Ini hanyalah salah satu contoh pengalaman berkelanjutan Roy dengan hewan. Yang lainnya adalah persahabatannya dengan Chico si cheetah. Kecintaan Roy pada hewan selalu membawanya ke Kebun Binatang Bremen. Bibinya, Paula, memberinya tiket musiman ke kebun binatang untuk ulang tahunnya yang ke- ke 10. Dia sangat menyukai kucing besar di sana, Chico itu. Melalui kunjungannya, selama bertahun-tahun, Roy mendapatkan kepercayaan dan persahabatan hewan itu. Persahabatan itu semakin dekat sehingga Roy akhirnya membawa hewan itu ke dalam kopernya ketika dia dipekerjakan sebagai pelayan di “TS Bremen”.
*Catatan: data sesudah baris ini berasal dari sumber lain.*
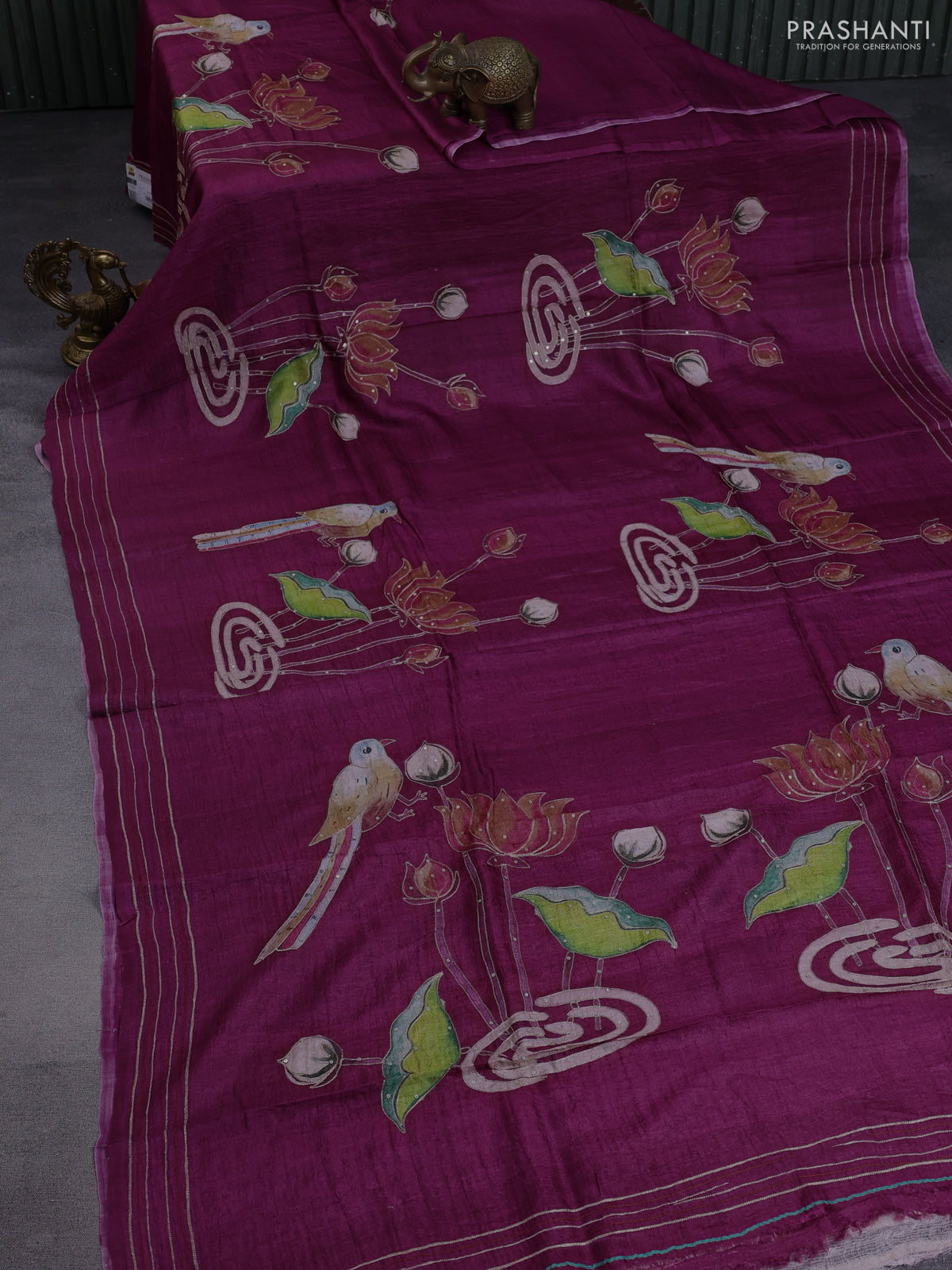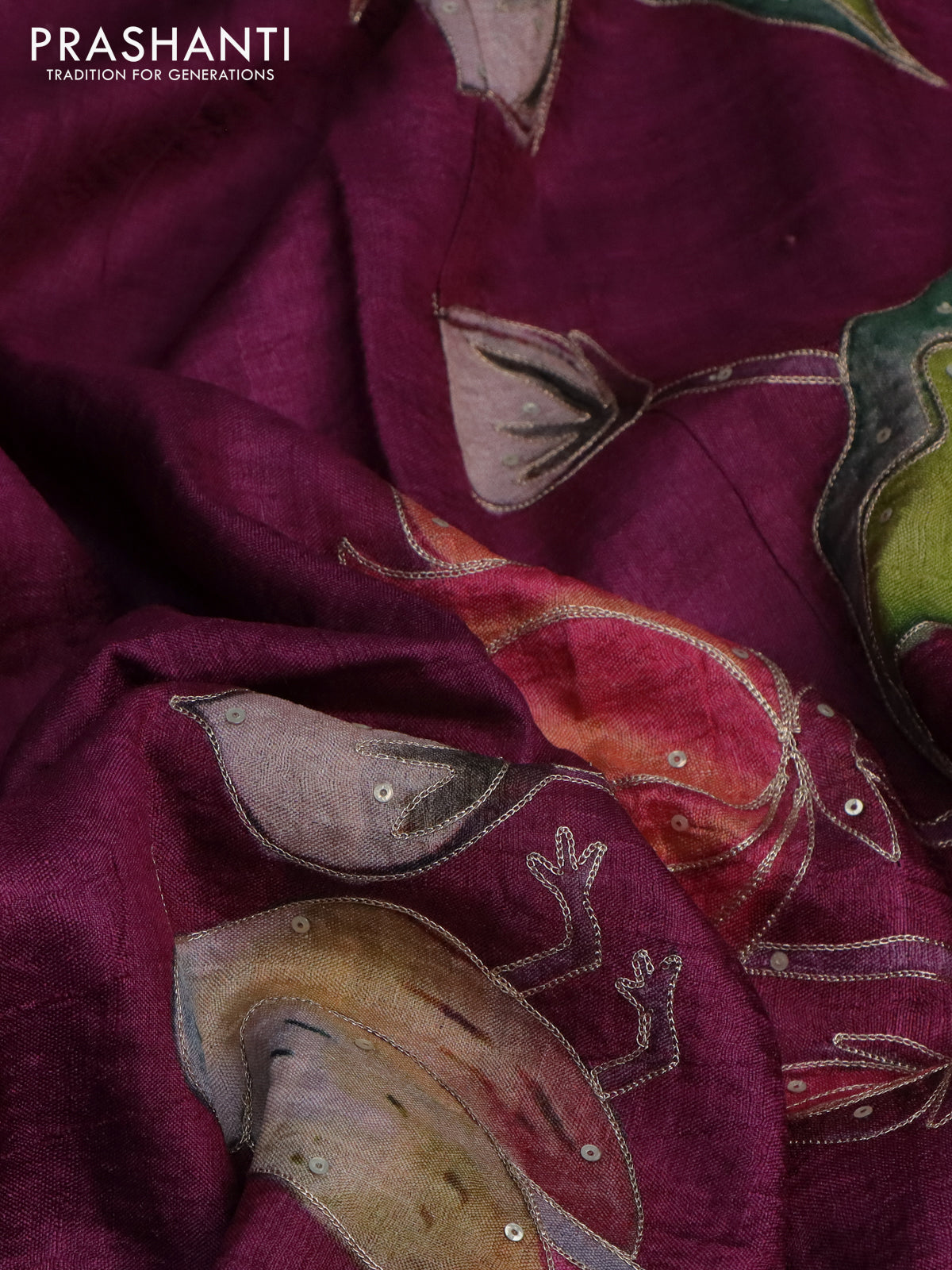 Pure tussar silk saree wine shade with pichwai prints & pita work

Ketika Siegfried dan Roy bertemu di kapal pesiar pada tahun 1959, mereka segera menyadari bahwa mereka akan saling melengkapi secara luar biasa dalam application bersama. Ide untuk tampil sebagai duo pesulap lahir. Butuh beberapa waktu sebelum mereka melakukan introduction darat mereka. Begitulah lama keduanya bekerja di kapal dan sesekali tampil di sana dengan app masing-masing. Awalnya hanya Siegfried yang berada di atas panggung dengan app sulapnya. Roy kebetulan menonton app itu sekali. Dia kemudian pergi ke Siegfried dan mengejutkannya dengan ide dan saran baru. Tidak butuh waktu lama bagi keduanya untuk mulai mengerjakan app bersama mereka.

Di bagian selanjutnya, Anda dapat membaca bagaimana Siegfried dan Roy meletakkan dasar untuk karir mereka sebagai duo pesulap “Siegfried & Roy” setelah bekerja di “TS Bremen”.